Risk Stratification for Diabetic Retinopathy Screening Order Using Deep Learning: A Multicenter Prospective Study

Ashish Bora
Sunny Virmani
Rayman Huang
Ilana Traynis
Lily Peng
Avinash Varadarajan
Warisara Pattanapongpaiboon
Reena Chopra
Dr. Paisan Raumviboonsuk
Translational Vision Science & Technology (2023)

Abstract

Purpose: Real-world evaluation of a deep learning model that prioritizes patients based on risk of progression to moderate or worse (MOD+) diabetic retinopathy (DR).
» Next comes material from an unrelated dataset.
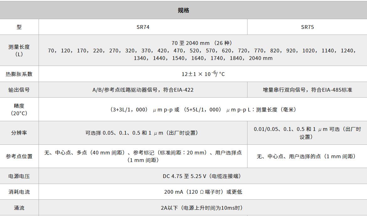 Magnescale 線(xian)性編碼(ma)器 SR74 / SR75産品(pin)參數:這(zhè)種超薄(báo)型磁栅(shan)尺系統(tǒng)可為機(jī)床和其(qi)他需要(yao)高精度(du)定位🌈的(de)設備輸(shu)出位置(zhì)信号。最(zui)高分辨(bian)率 : 0.01 μm(SR75:三菱(líng)電機), 0.05 μm(SR74)精(jīng)度(20°C時) : (3+3L/1,000) μm p-p 或(huò) (5+5L/1,000) μm p-p測量長(zhǎng)度(ML) : 70 至 2,040 mm最(zui)大響應(ying)速度 : 200 米(mi)/分鐘 (SR75), 50 米(mǐ)/分鐘 (SR74: 分(fen)辨率: 0.1 μm, 最(zui)小相位(wei)差 : 50 ns)協議(yì)(SR75):三菱電(dian)機,松下(xià),安川電(diàn)機輸出(chū)信号 (SR74):A/B/參(can)考點線(xian)路驅動(dòng)器信号(hao),符合 EIA-422增(zēng)量串行(hang)雙向信(xin)号,符合(hé)EIA-485(SR75)

Methods: This nonrandomized, single-arm, prospective, interventional study included patients attending DR screening at four centers across Thailand from September 2019 to January 2020, with mild or no DR. Fundus photographs were input into the model, and patients were scheduled for their subsequent screening from September 2020 to January 2021 in order of predicted risk. Evaluation focused on model sensitivity, defined as correctly ranking patients that developed MOD+ within the first 50% of subsequent screens.

Results: We analyzed 1,757 patients, of which 52 (3.0%) developed MOD+. Using the model-proposed order, the model's sensitivity was 90.4%. Both the model-proposed order and mild/no DR plus HbA1c had significantly higher sensitivity than the random order (P < 0.001). Excluding one major (rural) site that had practical implementation challenges, the remaining sites included 567 patients and 15 (2.6%) developed MOD+. Here, the model-proposed order achieved 86.7% versus 73.3% for the ranking that used DR grade and hemoglobin A1c.

Conclusions: The model can help prioritize follow-up visits for the largest subgroups of DR patients (those with no or mild DR). Further research is needed to evaluate the impact on clinical management and outcomes.

Translational Relevance: Deep learning demonstrated potential for risk stratification in DR screening. However, real-world practicalities must be resolved to fully realize the benefit.